The interactive in-memory editing mode is a critical, but fleeting stage in the life of a computable document. Notebooks spend most of their existence as whole & static files on disk. The static state of notebooks are reusable; and for notebooks to be reusable they must be reused.

Procedural notebooks are readable and reusable literate documents that can be executed successfully in other contexts like documention, module development, or external jobs. This notebook explores the reusability of procedural notebooks that successfully Restart and Run All.

This literate document can be viewed as a notebook, presentation, or View on GitHub

Binder

Motivation

Procedural notebooks are inspired by Paco Nathan's Oriole: a new learning medium based on Jupyter + Docker given at Jupyter Day Atlanta 2016. In Paco's unofficial styleguide for authoring Jupyter notebooks he suggests:

clear all output then "Run All" -- or it didn't happen

Procedural notebooks

  • ... restart and run all, or they don't.

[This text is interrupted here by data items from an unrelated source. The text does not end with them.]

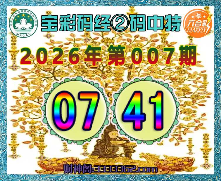 007期:〖宝彩码经〗 ✂️②码中特✂️【07.41】开:41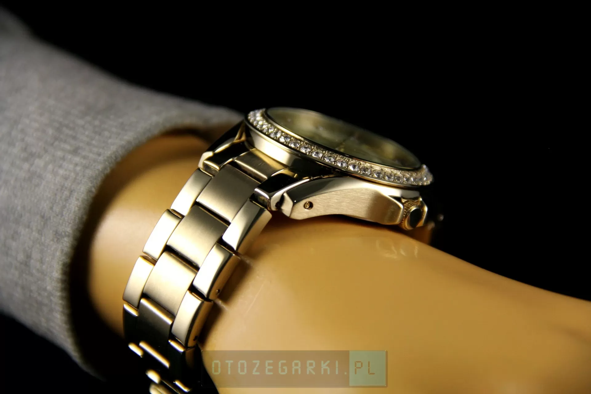 Model ES3203 to nowoczesny czasomierz znanej i cenionej marki na rynku fashion - amerykańskiego producenta najmodniejszych akcesoriów - FOSSIL. Ten zegarek damski nie tylko będzie niezawodnie wskazywał czas, ale też będzie stylowym dodatkiem do każdej stylizacji. Jak wszystkie w kolekcji zegarki Fossil Riley, model o symbolu ES3203 jest połączeniem designerskiego stylu z wysokiej jakości materiałami wykonania. Koperta o szerokości 38.00 mm, której kształt jest okrągły, wykonana została z odpornej na uszkodzenia i korozję stali szlachetnej i ma kolor złoty . Pięknie prezentuje się matowo-błyszczące wykończenie, połączone ze stalowym polerowanym pierścieniem , a wyjątkowego charakteru dodają błyszczące, modne kryształy, w ilości 45 sztuk osadzone w obudowie, w odcieniu neutralnym. Grubość koperty w tym modelu wynosi 12.00 mm, dzięki czemu idealnie będzie prezentował się na nadgarstku każdej nowoczesnej kobiety . Designerski charakter, jaki posiada ten zegarek Fossil ES3203 podkreśla idealnie dopasowana do koperty bransoleta, która ma kolor złoty, wykonana z wysokiej jakości stali szlachetnej o błyszcząco-matowym wykończeniu i szerokości przy uszkach koperty 18.00 mm. Na bransolecie umieszczono 30 pięknie mieniących się w świetle kamieni. Zapięcie zostało idealnie dobrane do całości, jest szczotkowane i ma kolor złoty. Zegarek Fossil ES3203 działa na dokładnym mechanizmie kwarcowym, zasilanym za pomocą baterii, ukrytym pod stylową tarczą, której beżowy odcień perfekcyjnie komponuje się z całym designem tego modnego czasomierza. Oznaczenia godzin tworzą cyfry arabskie i indeksy , dzięki którym zegarek ES3203 jest bardzo czytelny. Na tarczy umieszczono akcentujące biżuteryjny charakter kamienie, w ilości 19 sztuk, pięknie podkreślające damski wygląd. Ten modny damski zegarek Fossil posiada wodoszczelność 10ATM, pozwalającą na kąpiel, a nawet pływanie z nurkowaniem bez akwalungu, którą zapewnia zakręcane wieczko. Model ES3203 jest nie tylko stylowym dodatkiem, ale też dokładnym czasomierzem, który prócz wskazania aktualnej godziny posiada multidatownik, czyli rozbudowany datownik. Cały design zegarka jest zgodny z najbardziej aktualnymi trendami i można go określić jako styl fashion. Zegarek Fossil ES3203 , dzięki połączeniu aktualnych trendów z najmodniejszą kolorystyką i wykonaniem z wysokiej jakości materiałów, będzie niezastąpionym dodatkiem, idealnie pasującym na nadgarstek każdej nowoczesnej kobiety.
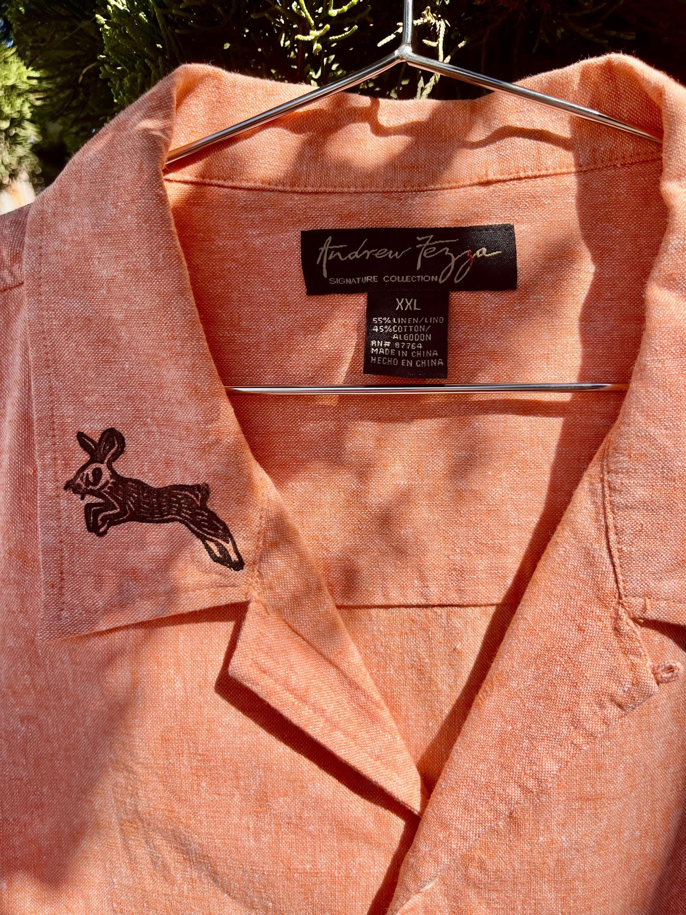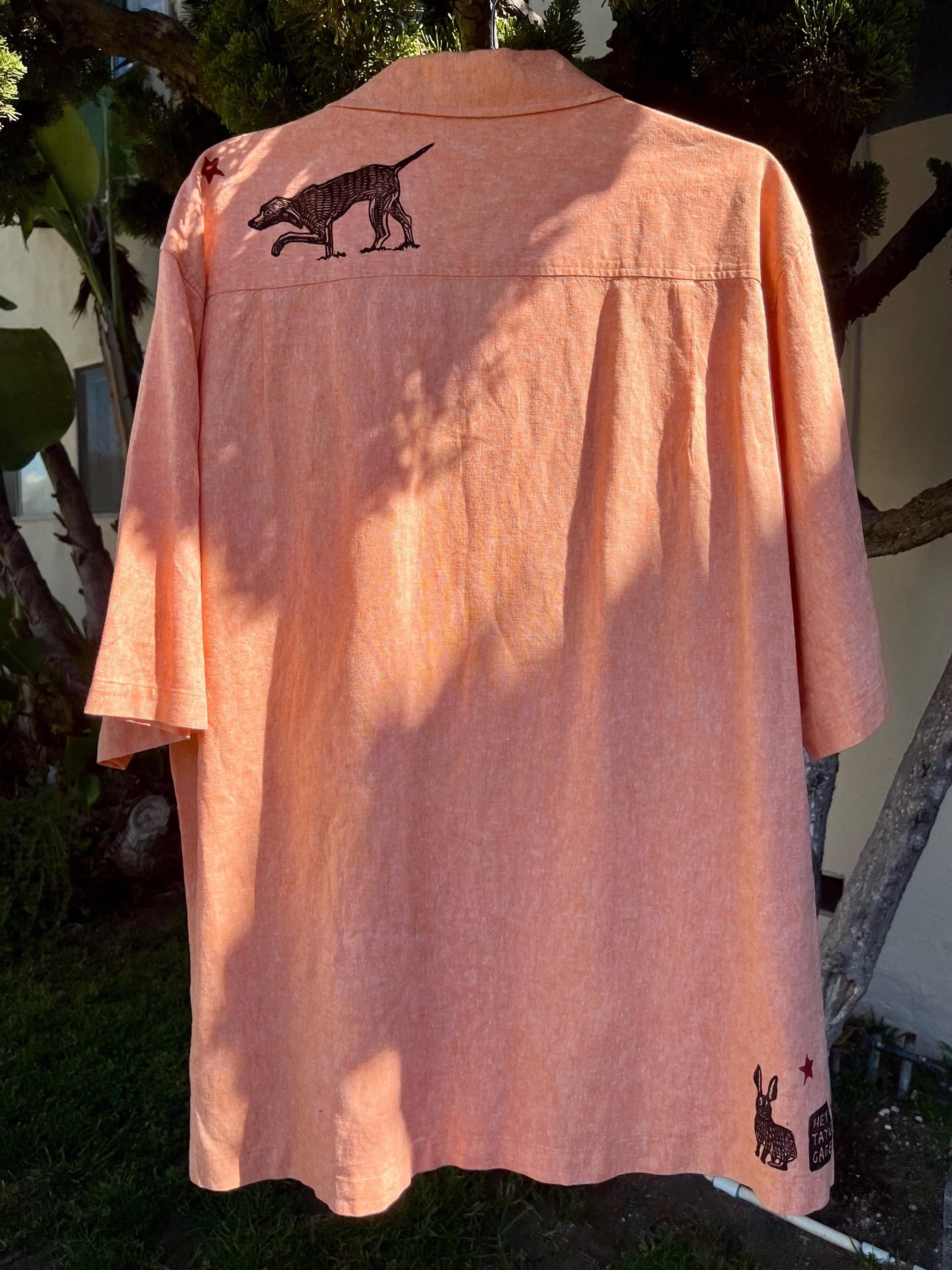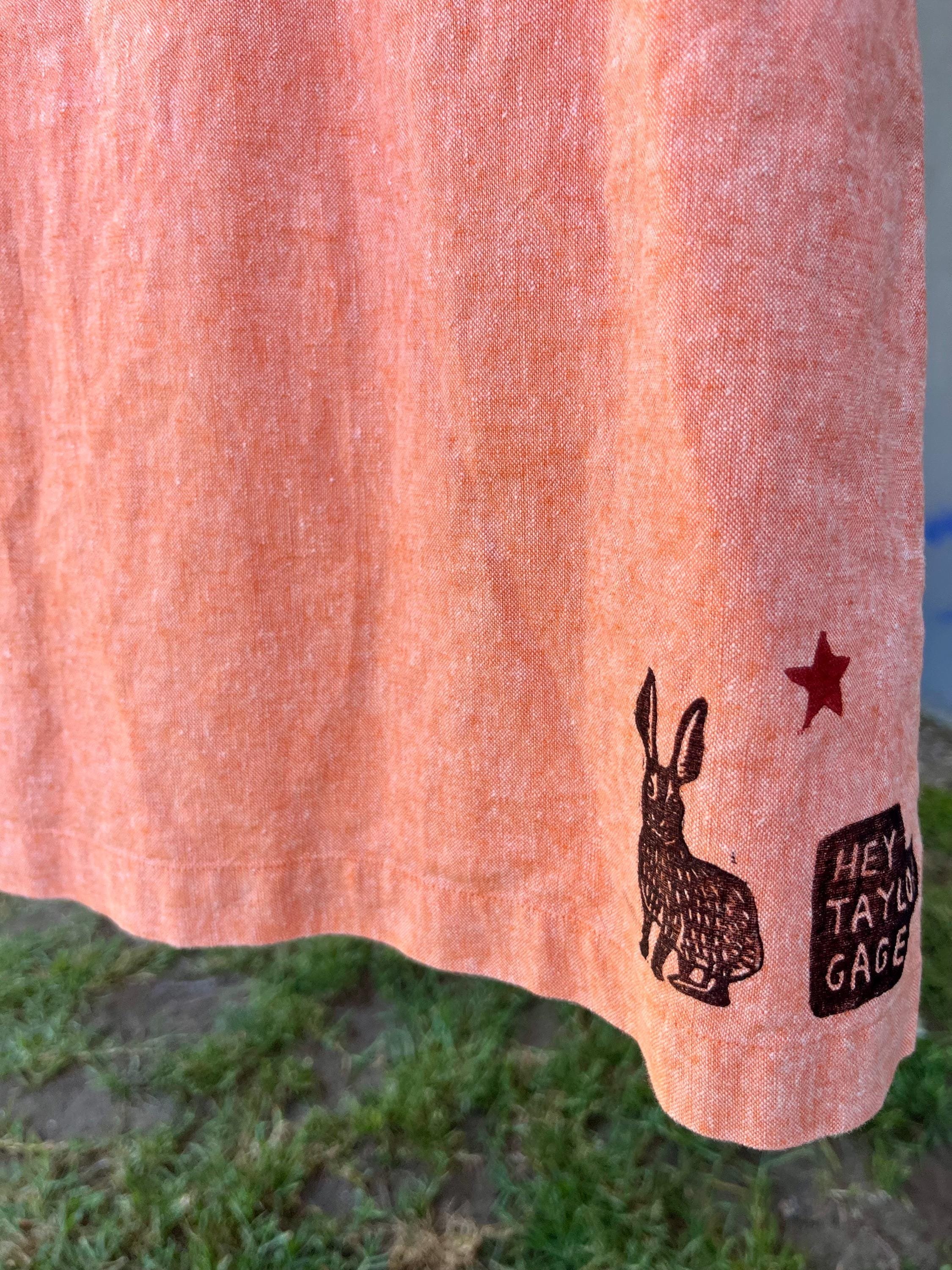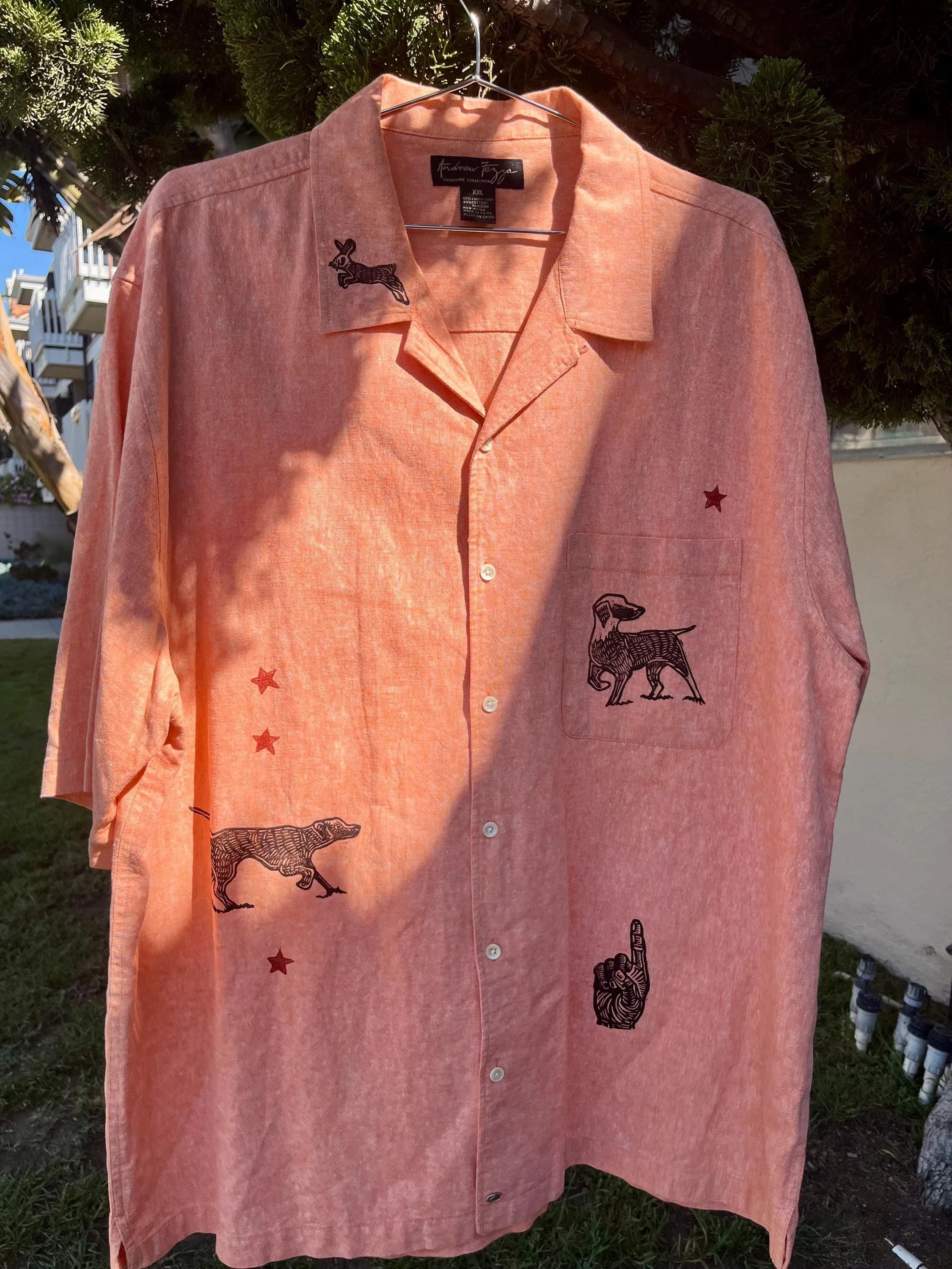 This peachy orange shirt features my latest carving of dogs and rabbits in a chase! With dueling black and red color prints.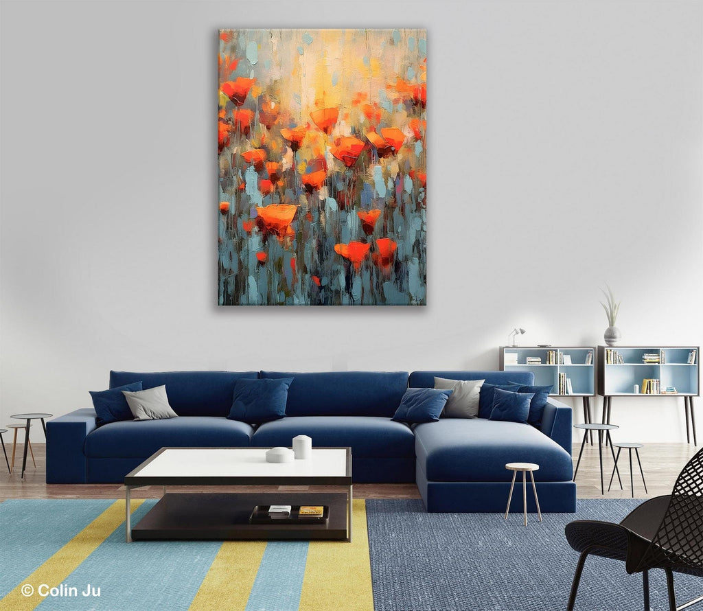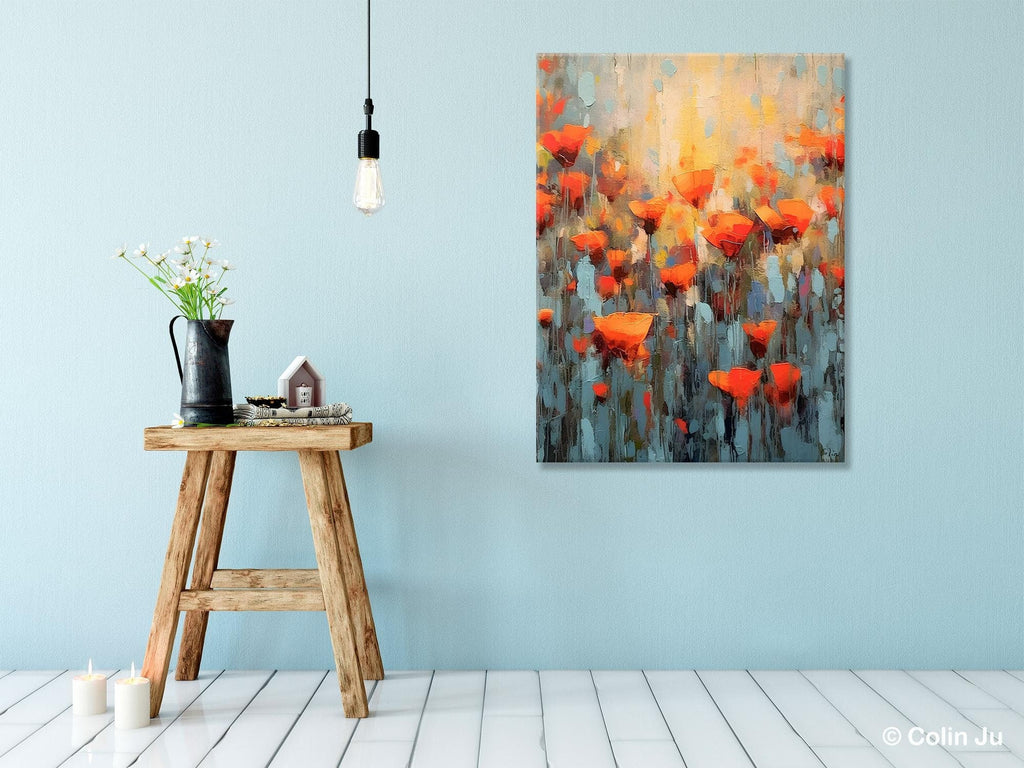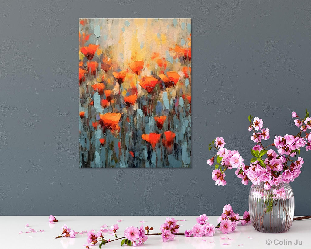 Heavy Texture Wall Art, Acrylic Painting on Canvas, Flower Abstract Painting, Canvas Painting Ideas for Dining Room, Original Abstract Art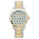This watch has a mid-century modern design of open orange circles with solid teal circles running across the pattern with teal vertical lines and orange horizontal lines.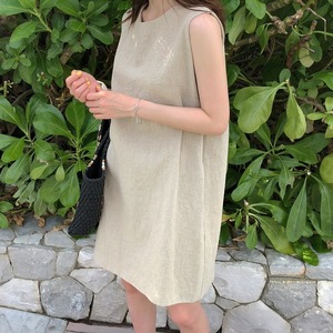 ワンピース ノースリーブ ミニ丈 麻 シンプル 無地 大人カジュアル きれいめ お出かけ 夏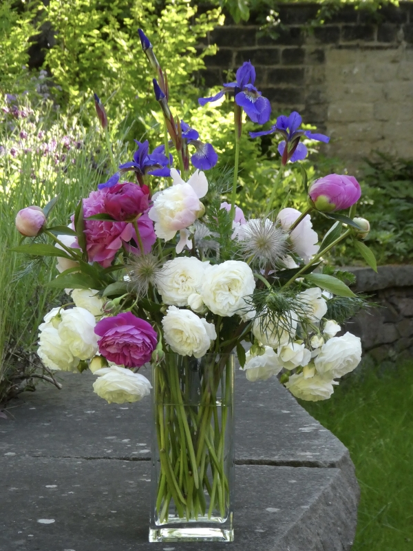 Die letzten Pfingstrosenblüten aus Verzweigungen. Dieses Jahr sind es nur wenige und die Blätter wegen des feuchten Frühjahrs großteils vergammelt, so dass die Blüten kurz geschnitten sind. Die Blütenstiele werden von zwei Kenzans (Plural???) gehalten.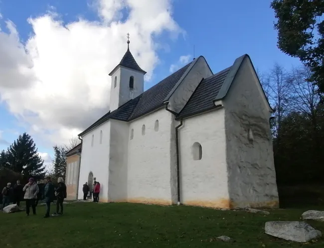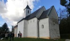 A zarándokok elsőként Gímeskosztolány ősi templomába látogattak el. A Szent György tiszteletére szentelt templom története a legújabb feltárások szerint akár a 9. század végéig vagy a 10. század elejéig is visszanyúlhat, így a legrégebbi előromán szakrális építészeti emlék lehet Szlovákiában. Falait kora középkori freskók töredékei díszítik, melyet a legkorábbi nedves vakolatra festett falfestményként tartanak számon. A zarándokcsoport Ložek Lukáš plébános atya előadásában részletesen megismerhette a templom történetét egészen napjainkig, majd az ezredéves szent helyen közös imával búcsúztak Gímeskosztolánytól.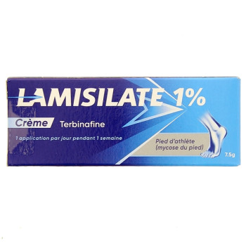 Lamisilate 1% est une crème indiquée contre les mycoses du pied, aussi appelé "Pied d'athlète". Disponible en tube de 7,5g sous forme de crème, Lamisilate 1% crème doit être appliqué une fois par jour pendant une semaine.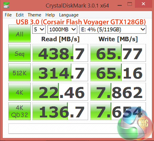 These are some of the highest results we have seen via the USB 3.0 interface. A sequential read score of close to 440 MB/s.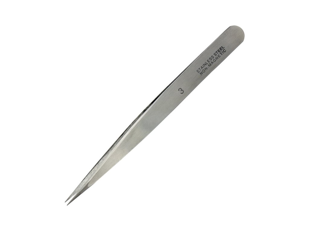 Modelcraft nerezová pinzeta úzká s tenkou špičkou pro přesné držení a umístění malých až mikroskopických dílů a součástí. Odolává kyselinám, je nemagnetická. Délka 120mm, šířka 10mm, hmotnost 21g.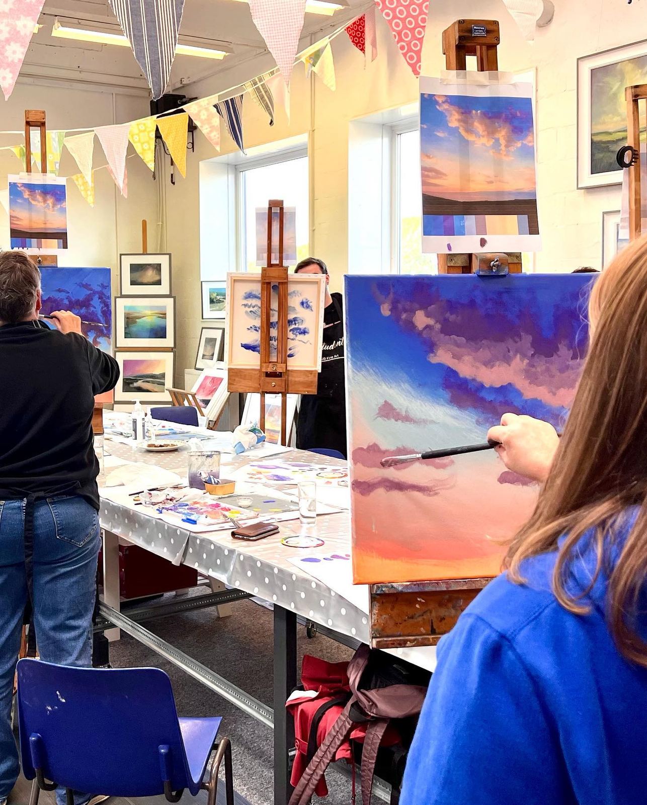 As we are located in the Pembrokeshire Coast National Park, some of our longer workshops may involve making some sketches or studies outdoors and then more time developing paintings in the studio. It depends largely on the weather, but also on the type and duration of the course.

Their reusability can be tested in different contexts.
  • ... change over time
  • ... encapsulate cycles of non-structured, structured, and literate programming actions.
  • ... can be executed in other contexts like testing, document conversion, or compute...
  • ... can be tested as parts in interactive mode
  • ... can be tested as a whole in a procedural mode
  • ... may be used to create sophisticated software projects.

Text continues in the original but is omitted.